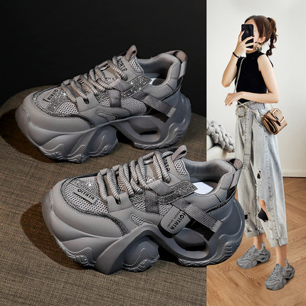 内增高老爹鞋女秋季新款2025年网面超火松糕厚底休闲小白鞋子冬季
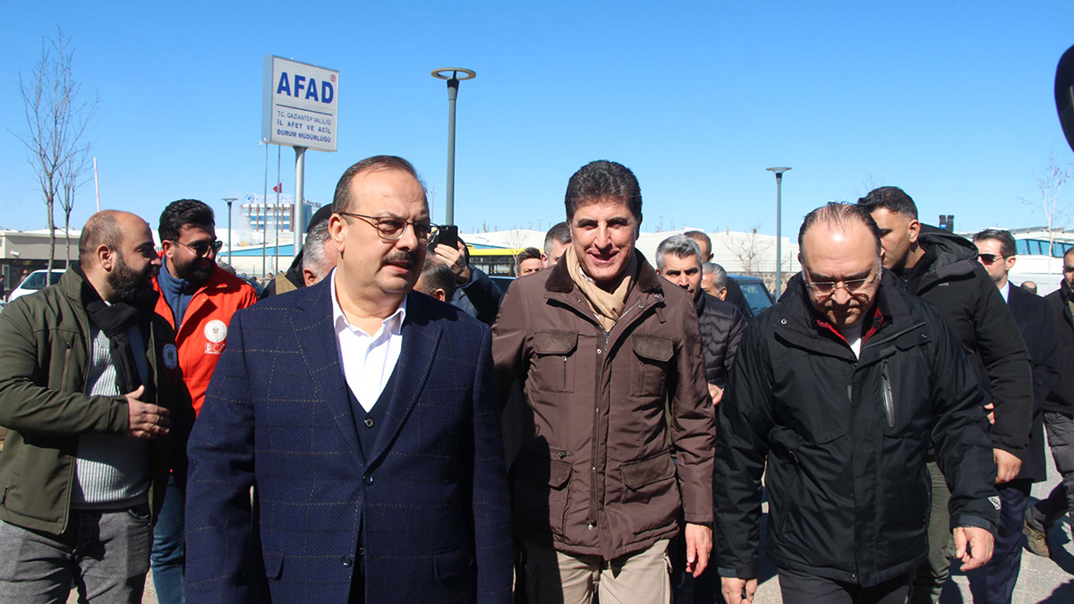 Gaziantep’te AFAD koordinasyon merkezine gelen Neçirvan Barzani, Bursa Valisi Yakup Canpolat tarafından karşılandı. Koordinasyon merkezini ziyaret eden Barzani, yetkililerden bilgi aldı.
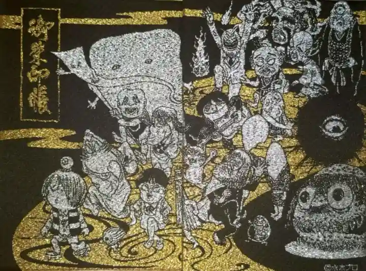 黒色の地に、ゲゲゲの鬼太郎のキャラクターが金色と銀色で刺繍された御朱印帳で、表面左上に御朱印帳の文字が入っています。

******************************

In repeating the lines above, keep the wording exact and leave every picture out.

 内增高老爹鞋女秋季新款2025年网面超火松糕厚底休闲小白鞋子冬季
 Gaziantep’te AFAD koordinasyon merkezine gelen Neçirvan Barzani, Bursa Valisi Yakup Canpolat tarafından karşılandı. Koordinasyon merkezini ziyaret eden Barzani, yetkililerden bilgi aldı.
 黒色の地に、ゲゲゲの鬼太郎のキャラクターが金色と銀色で刺繍された御朱印帳で、表面左上に御朱印帳の文字が入っています。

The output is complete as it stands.